If you are a Los Angeles resident, and a smoker, your habit might get a little harder to enjoy. On Tuesday, the city's smoke-free outdoor dining ordinance will take effect, banning you from lighting up within 10 feet of any outdoor dining area or within 40 feet of mobile food vendors and food kiosks.


If you do happen to stray into one of these danger zones with lit cigarette in hand, prepare to face a fine ranging anywhere from $250 to $500. The same policy enforcer who would fine you could also levee fines for noncompliance against the establishment whose air you unwittingly sullied. And don't expect your fellow Angelenos to be very sympathetic about your new-found plight as an outlaw – polls indicate most are behind the measure.

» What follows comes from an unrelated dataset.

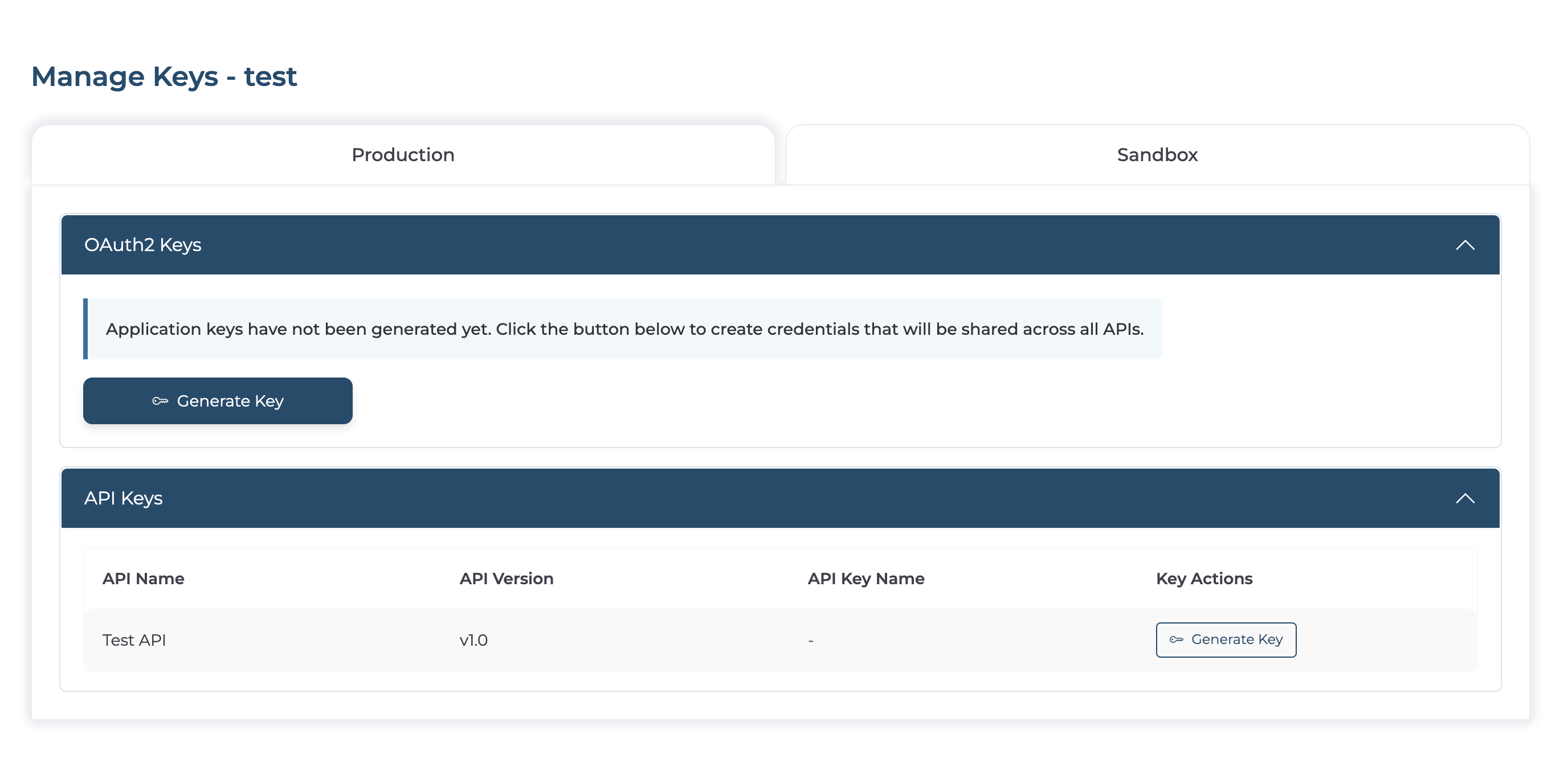 On the Manage Keys page, select either the Production or Sandbox tab based on your requirement.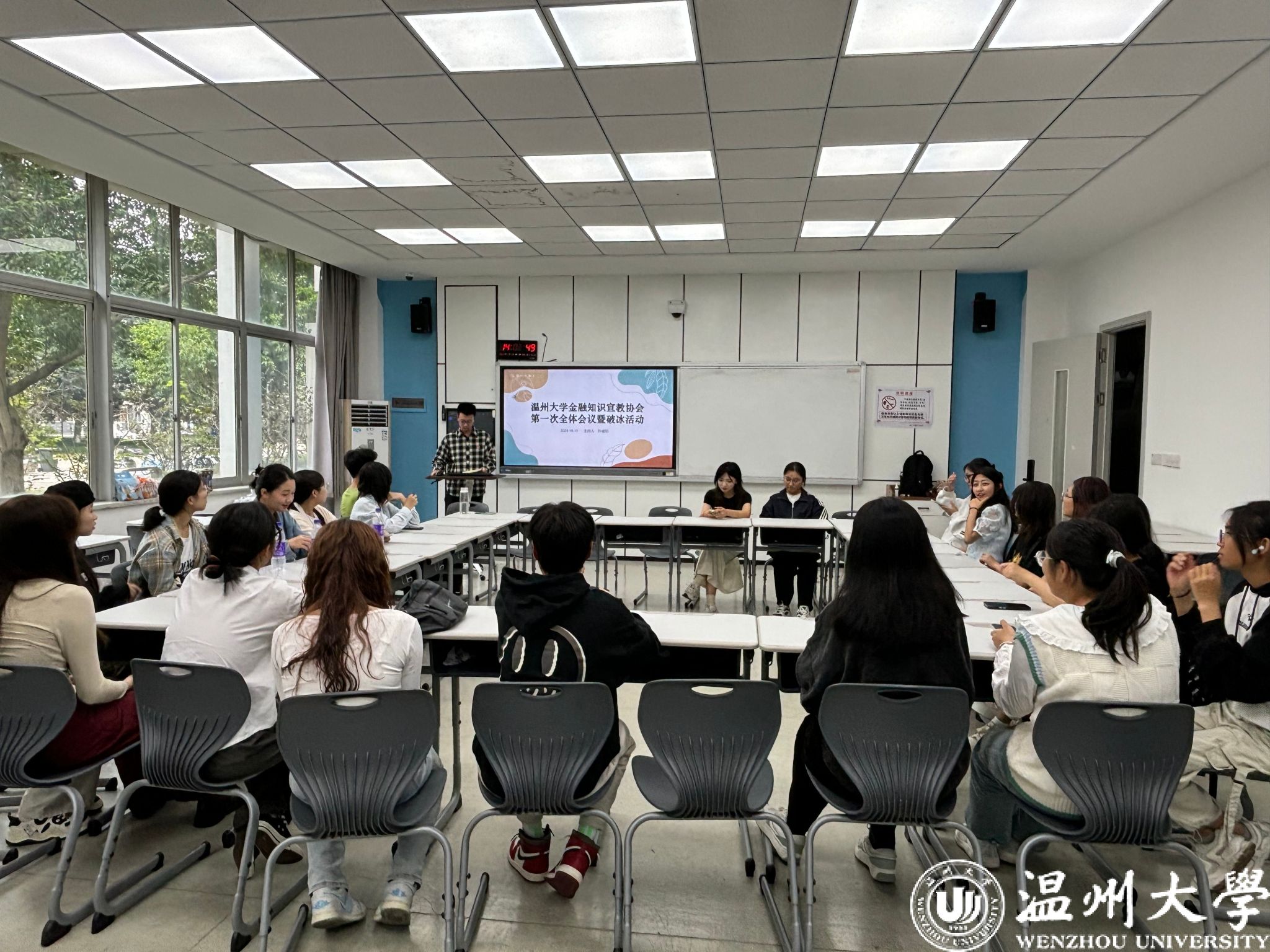 2024年10月13日14时,温州大学金融知识宣教协会在北校区2号楼109教室成功举办了第一次全体会议,旨在加强全体会员对协会活动内容、学分赋予和金融义工小时授予等考核标准的了解,增进会员之间的情谊,促进交流沟通,进一步推进协会的可持续发展以及协会活动的有序开展。

The Los Angeles City Council approved the smoke-free dining ordinance by a unanimous vote in January of last year. Businesses were immediately granted a grace period to inform their clientele about the new rules by posting signage. On Thursday, residents were acquainted with a public education campaign that included radio announcements, online advertisements, transit ads and plenty of signs.


     "The City of Los Angeles continues to set the pace for healthy living. Angelenos already enjoy smoke-free parks, beaches and farmers' markets and now they will be able to enjoy all the wonderful outdoor dining that L.A. has to offer without exposure to toxic secondhand smoke," said Mayor Antonio Villaraigosa at a news conference announcing the new rules.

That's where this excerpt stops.